Being able to work with large-scale datasets and having the skills to navigate them requires types of knowledge that tend to only be available to those who have access to advanced machines, databases, and algorithms. Large databases enabled by big data are too large for any person or any group of people to understand on their own, which is why companies use tools and technologies assisted by artificial intelligence, algorithms, and so on. This divide is not only in the sense of those who have and those who do not. This divide also exists in categorical processes, ontological ways of thinking of data, and application of data. Companies with access to data are able to engage with robust and complex means of sorting. Individual use of collected data simply cannot measure up, especially if enabled within new work environments or communities without proper knowledge sharing or training. For example, failures to adopt new technologies into key industries such as agriculture represents aspects in both the digital and data divide.[8] Lack of data literacy can lead to data deluges – the burden of having and overwhelming amount of data without the capability to extract any meaningful information from datasets.[9]
A lack of collected information can create disparities which can eventually lead to information poverty. Information poverty stems from a lack of data about a given concept, where the data poverty can have a cumulative effect. This can snowball from individuals to governments on a national scale. This may become especially problematic when considering that those with access to information can act on data and thereby influence the lives of others in ways that people may not be able to concretely see. For example, a 2007 report from the World Health Organization shows that health information is one of the six fundamental building blocks of a well-functioning health system.[10] Access to quality health data is essential to resolving outbreaks, sicknesses, or other disparities in health; however, many countries, particularly in the Global South, do not have access to the relevant data sources that would allow them to otherwise address health inequities.
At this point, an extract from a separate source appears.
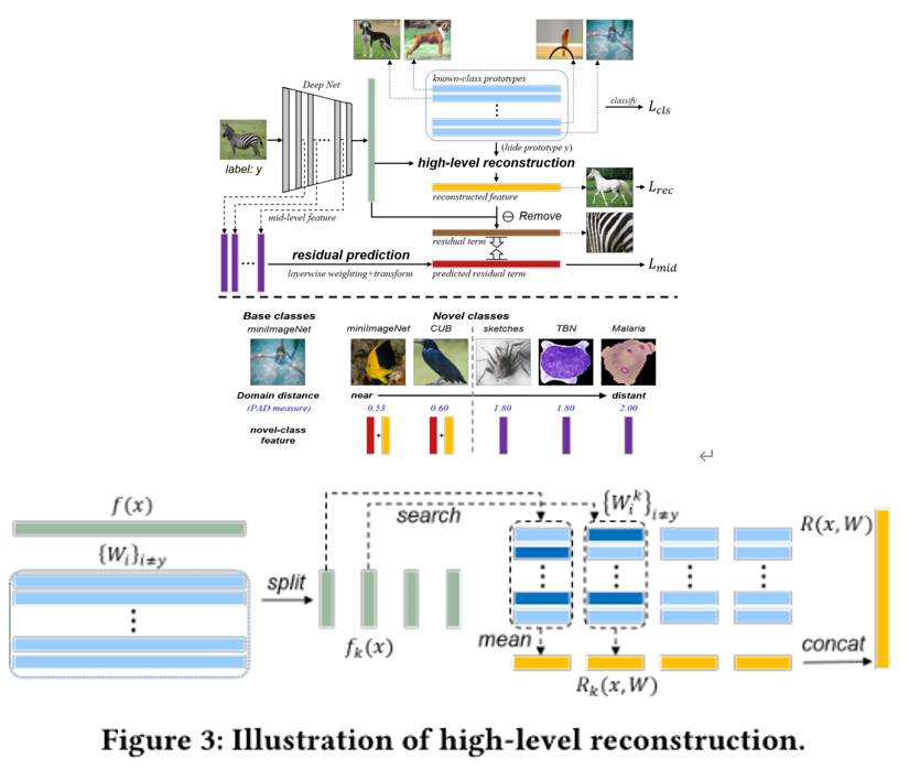 上图:首先提取每个基类样本(例如,斑马)的特征,骨干网络通过分类损失进行训练。然后,对于每个样本,作者设计使用其他类别(例如狗、鸟、人)的高级模式来重建提取的特征(高级重建),并从提取的特征中删除重建的特征(例如,没有条纹的斑马,可能是白马),输出判别残差特征(例如条纹),包含适用于中级特征学习的该样本的判别信息。最后,作者约束中间层特征来预测这种判别残差特征,从而推动中级层的特征具有判别性。

Overcoming the digital divide itself may provide populations with the means to access information and solve digital inequities, however this would also mean further exacerbating the data divide.
Data activists and information professionals do have the ability to help bridge the data divide through social action including crowdsourcing, citizen science, data cooperatives, hackathons, and civic hacking. These events seek to disrupt and challenge the status quo by cooperating with citizens to better understand quality of access, raise awareness, and allow citizens to generate data for their own uses.